Kingfisher was forced to declare a partial lockout which resulted in a show cause notice by the DGCA.
The DGCA has temporarily suspended the company's Scheduled Air Operator's Permit as a result of frequent cancellations of flight due to employee unrest till such time it submits a concrete and reliable plan ensuring safe, reliable, efficient and sustainable Scheduled Air Transport Services, Kingfisher said.
The company has settled its disputes with the employees who have all returned to work and is in the process of submitting the revival plan to DGCA.
Kingfisher said it is confident that it will be able to have the suspension of the operating permit revoked and resume operations at the earliest.
Restructuring, idle costs represent fixed cost associated with curtailment of operations during the period relating to aircraft on ground.
The details of such costs shown separately from their natural heads constitutes for the quarter ended September 30, 2012, of lease rentals Rs 16,559.47 lakh (Rs 1.65 billion), employee costs Rs 4,200 lakh (Rs 420 million) and other operating expenses Rs 711.86 lakh (Rs 71.18 million), the filing noted.
In terms of agreement entered into with a certain party in respect of assets taken on lease, the company is to pay lease rentals only in the event of breach of certain contractual obligations in future.
The company has sought extension of time to meet a part of its obligations, which were to be fulfilled by September 30, 2012, which it is hopeful of receiving.
It further said that no provision is considered necessary, as the company is confident of meeting the relevant obligations.
Additionally, the use fees (hourly and cyclical utilisation charge) paid in respect of these leased assets are, in accordance with the company's understanding, treated as maintenance reserves.
In terms of the company's accounting policy, the use fee is initially included under loans and advances and expensed out to the profit and loss account at the time of incurrence of major maintenance expenditure, termination of agreements.
In respect of certain agreements entered into for lease of aircrafts prior to March 31, 2007, the company's applications for exemption under the Income Tax Act has been rejected by the Central Board of Direct Taxes and the High Court of Delhi.
The company is in the process of filing a special leave petition to the Supreme Court over the order of the court confirming the rejection of exemption along with a petition for condonation of delay in filing the SLP.
The management believes, based on internal assessments, that the probability of an ultimate adverse decision and outflow of resources of the company is not probable and accordingly, no provision for the resultant tax liability is considered necessary, the filing said.
The company has terminated certain agreements entered into with parties as a cost rationalisation measure.

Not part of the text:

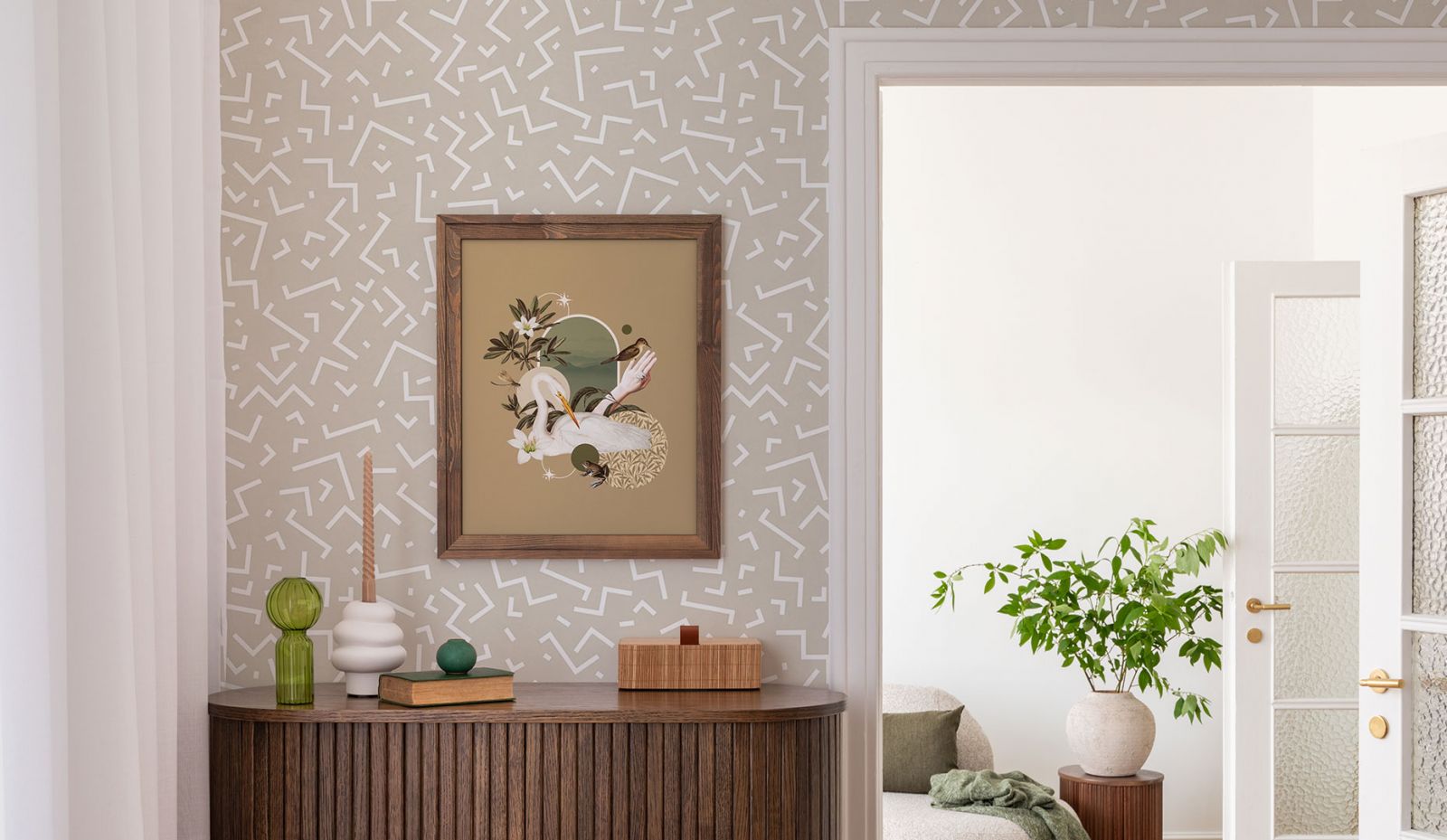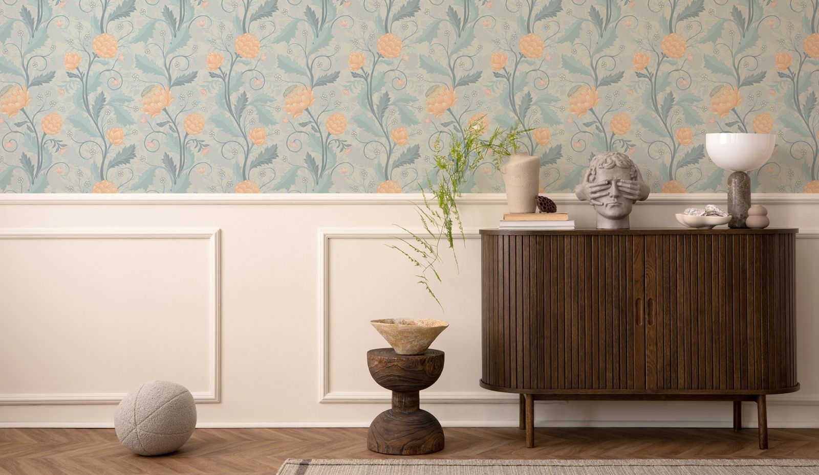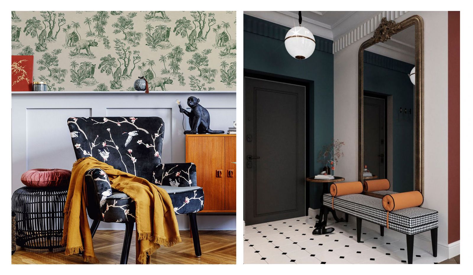 Немного природы ещё никогда и никому не навредило. Так и в интерьере. Роскошь и пафос стиля ар-деко можно сочетать с природными элементами стиля эко. Используйте в отделке натуральное дерево, камень, растительные принты. Повесьте на стену резное металлическое панно или необычной формы зеркала

Certain parties have also terminated the agreements entered into with the company in view of defaults by it, it added.
Kingfisher is in discussion with relevant parties to finalise the amount of compensation and other costs, if any payable by it, as well as to persuade the parties to desist from such cancellations. The same will be accounted on final determination of the matter.
In the opinion of the management, this amount is not likely to be material.

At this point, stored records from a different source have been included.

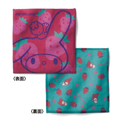 「マイメロディ ストロベリー」デザインの両面ハンカチ。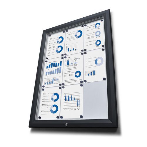 Magnetické vitríny s černým hliníkovým rámem vhodné do exteriéru.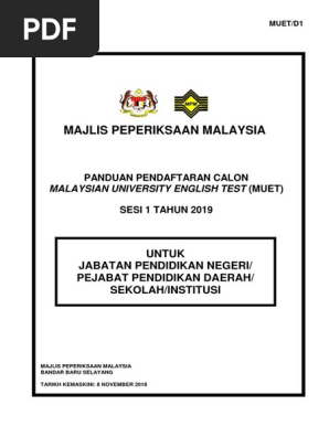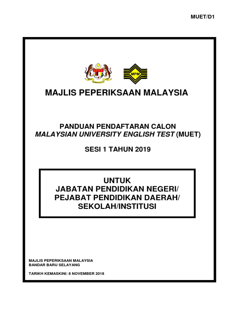 Panduan pendaftaran calon muet tahun 2020 muet d1 tahun 2020 borang akuan ketidakakuran sijil muet. Tarikh pendaftaran dan ujian speaking bertulis peperiksaan muet atau malaysian english university test akan diadakan dalam 3 sesi dalam setahun. Bagi pelajar yang ingin mengambil peperiksaan muet sesi terkini mpm telah pun mengeluarkan kalendar peperiksaan bertulis muet untuk tahun 2020. Bagi mereka yang ingin menduduki peperiksaan muet sesi lain iaitu sesi 1 dan 2 anda boleh merujuk kalendar peperiksaan muet 2020 yang memaparkan tarikh buka dan tutup pendaftaran serta tarikh ujian diadakan.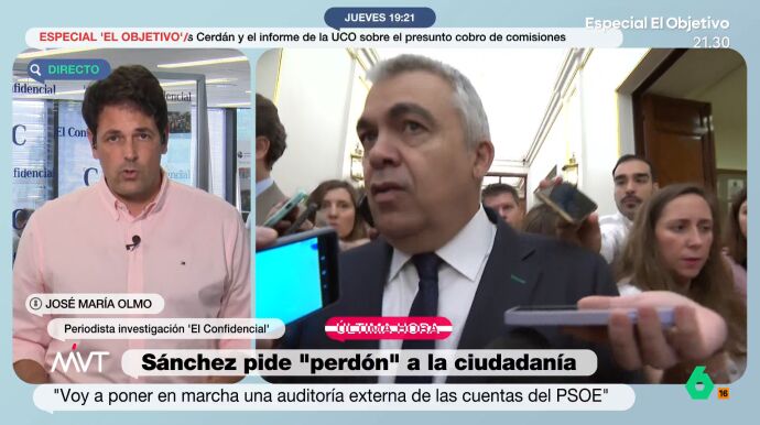 Iñaki López y Cristina Pardo analizan el informe de la UCO sobre Santos Cerdán con el periodista de 'El Confidencial' José María Olmo, que considera que las informaciones que se han conocido hasta ahora "van mucho más allá de Santos Cerdán" y afectan a "la legitimidad de Pedro Sánchez para ser líder del PSOE".
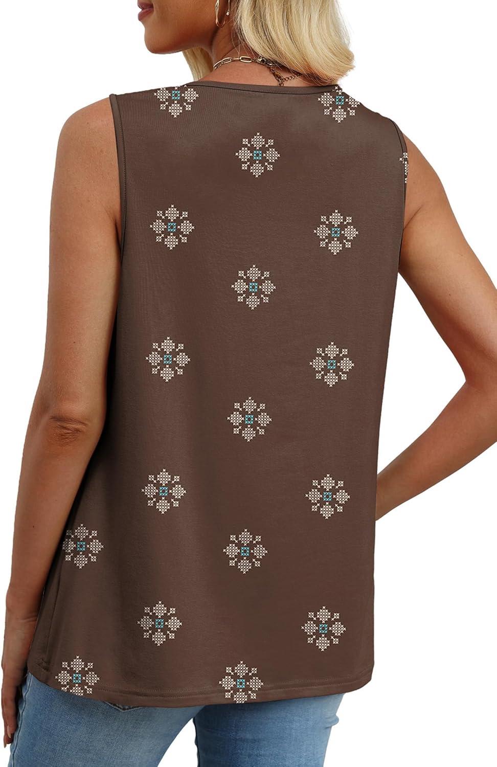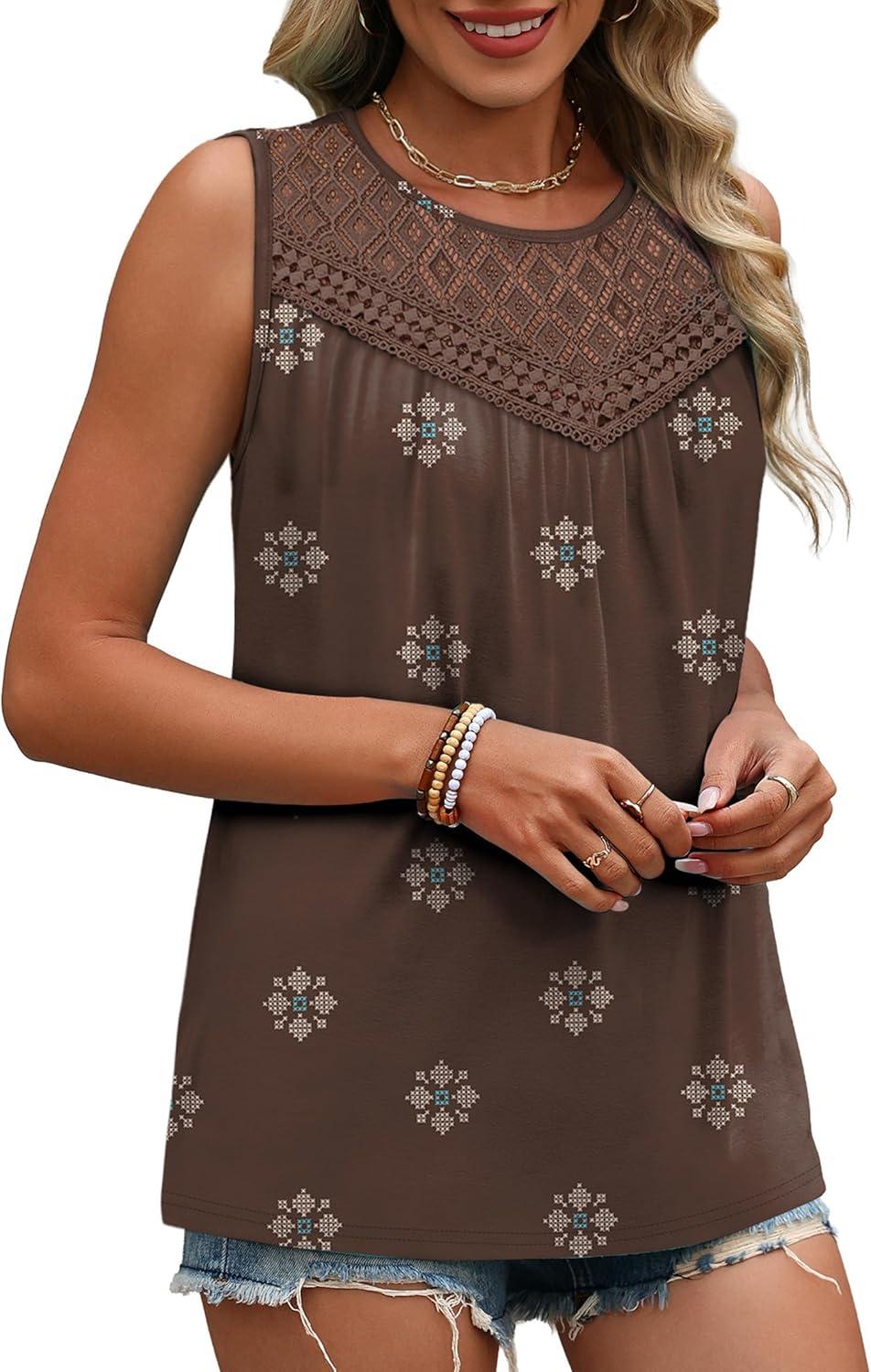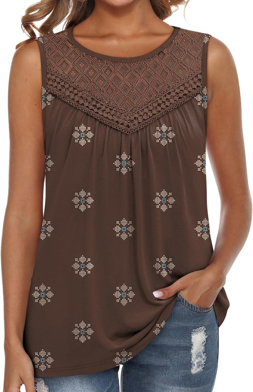 XIEERDUO Womens Tank Tops Sleeveless Lace Crochet Boho Tops Loose Fit Pleated Tunics Crewneck Summer Vacation Outfits Flowy(Patterned-brown Print)

Pursuant to the directives issued by the consortium bankers, pursuant to RBI guidelines, no provision has been made in the books of accounts for commission payable in respect of guarantees issued by the guarantors to the company's bankers estimated at Rs 2,536.20 lakh (Rs 253.62 million) for the period July-September of this year.

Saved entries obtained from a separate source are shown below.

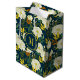 Sac Cadeau Moyen Motif feuille aux fleurs blanches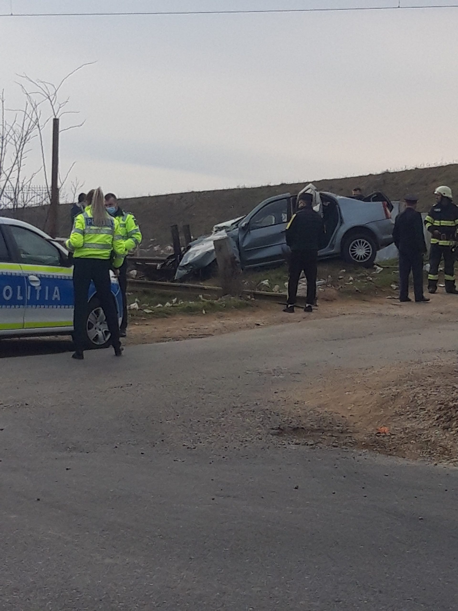 Incidentul s-a petrecut în această dimineaţă, în jurul orei 9:30. Şoferul autoturismului marca Dacia Logan, nu s-a asigurat la traversarea liniei de cale ferată, fiind lovit în plin de către un tren.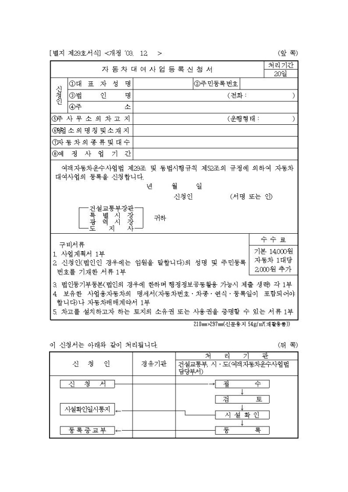 자동차대여사업등록신청서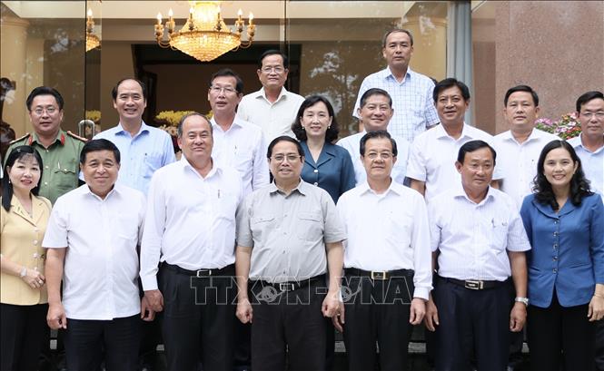 Thủ tướng Phạm Minh Chính với lãnh đạo chủ chốt tỉnh An Giang. Ảnh:TTXVN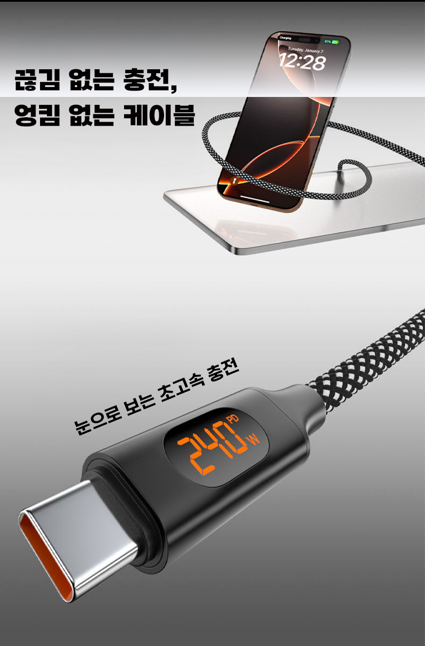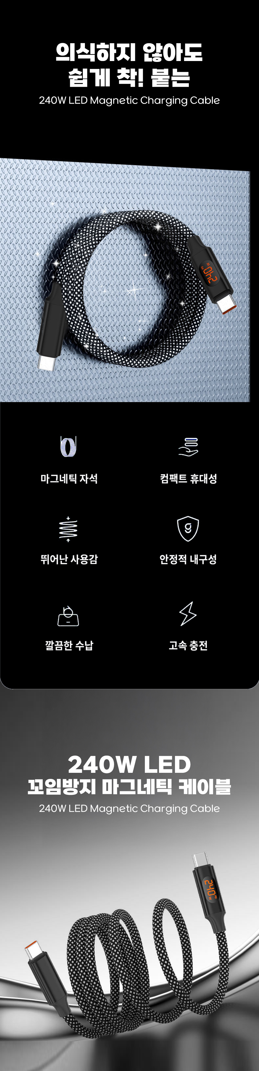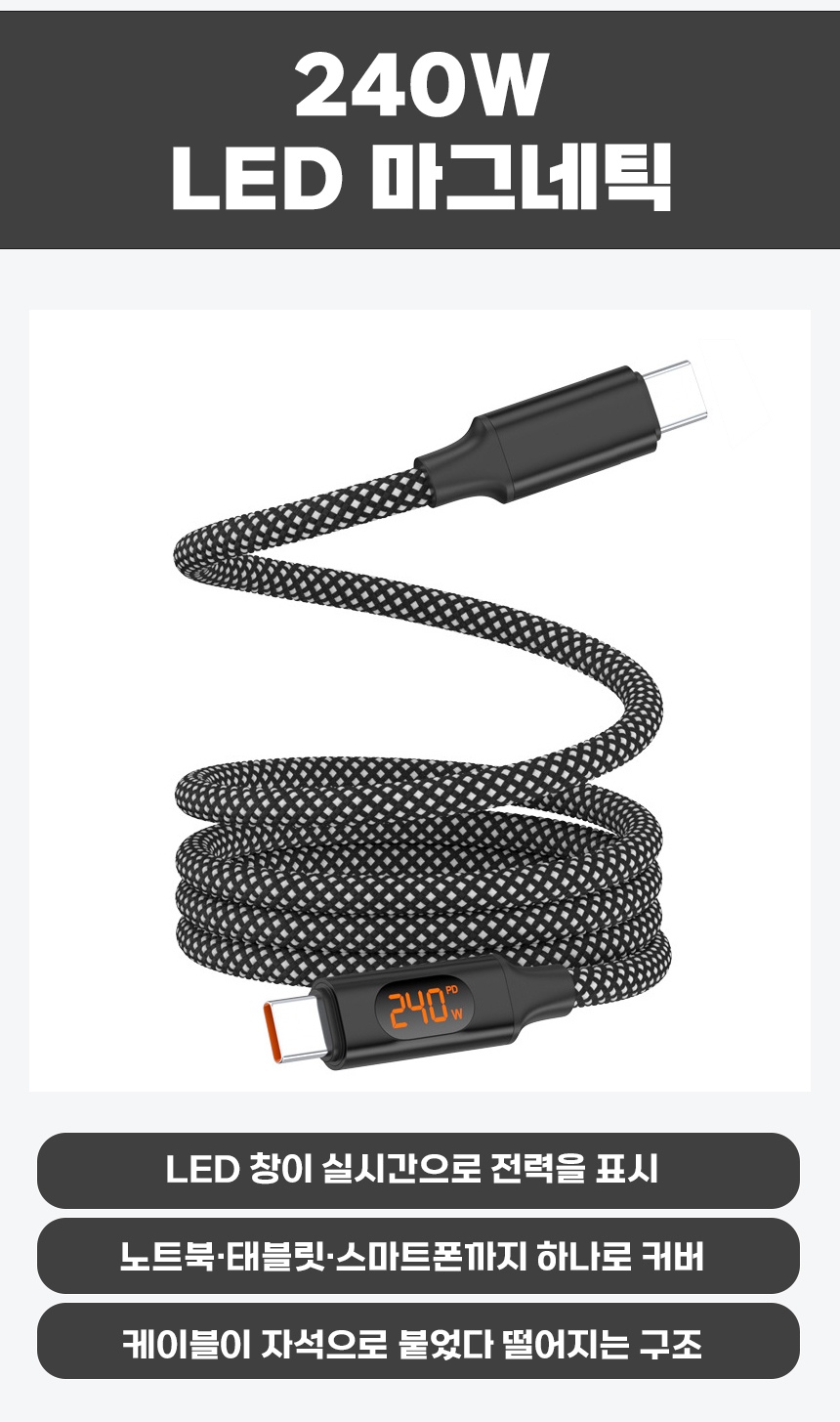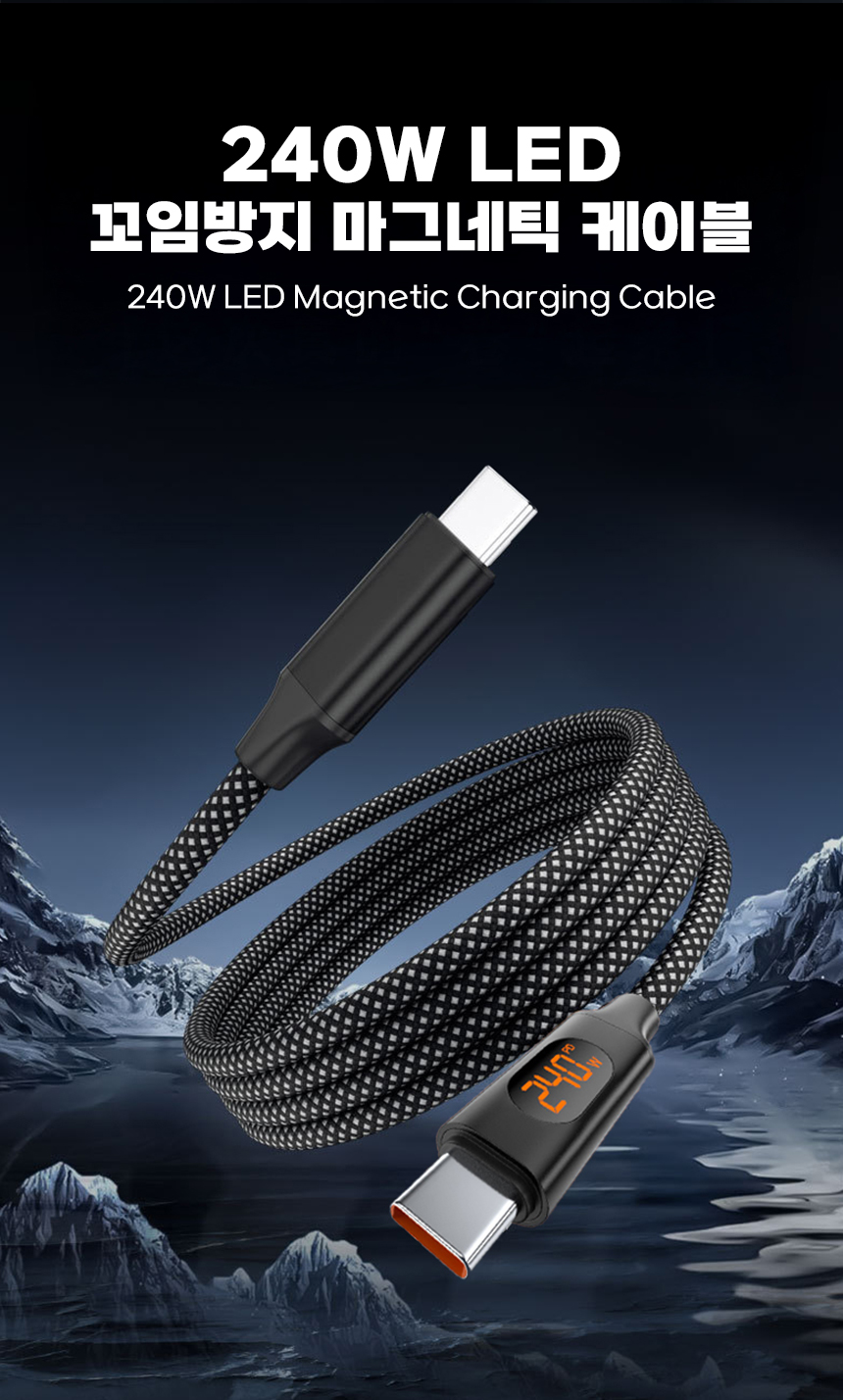 일상에서 케이블이 꼬이고 엉키는 문제는 누구나 경험하는 불편입니다. 특히 고속충전을 지원하는 케이블일수록 제대로 연결되지 않으면 충전 속도가 떨어지거나 안전 문제까지 발생할 수 있습니다. 이를 해결하기 위해, 마그네틱 기능으로 줄꼬임을 방지하고 LED 표시창으로 충전 상태를 눈으로 직접 확인할 수 있는 240W 고속충전 케이블을 선보이게 되었습니다. 스마트폰부터 노트북까지 다양한 기기와 호환되며, 깔끔하고 안전하게 충전할 수 있는 환경을 제공하고자 합니다. 매일 사용하는 케이블의 불편함을 한 번에 해결하고, 사용자에게 직관적이고 편리한 경험을 제공하기 위해 이번 프로젝트를 기획했습니다.

The company has incurred substantial losses and its net worth has been eroded.
With regard to capital raising plans, the company said it has sought financial support from its group and has requestedits bankers for further credit facilities.
However, no adjustments have been made in financials because of its planned aircraft reconfiguration and the revival plan proposed to be submitted to the DGCA for restoration of its license.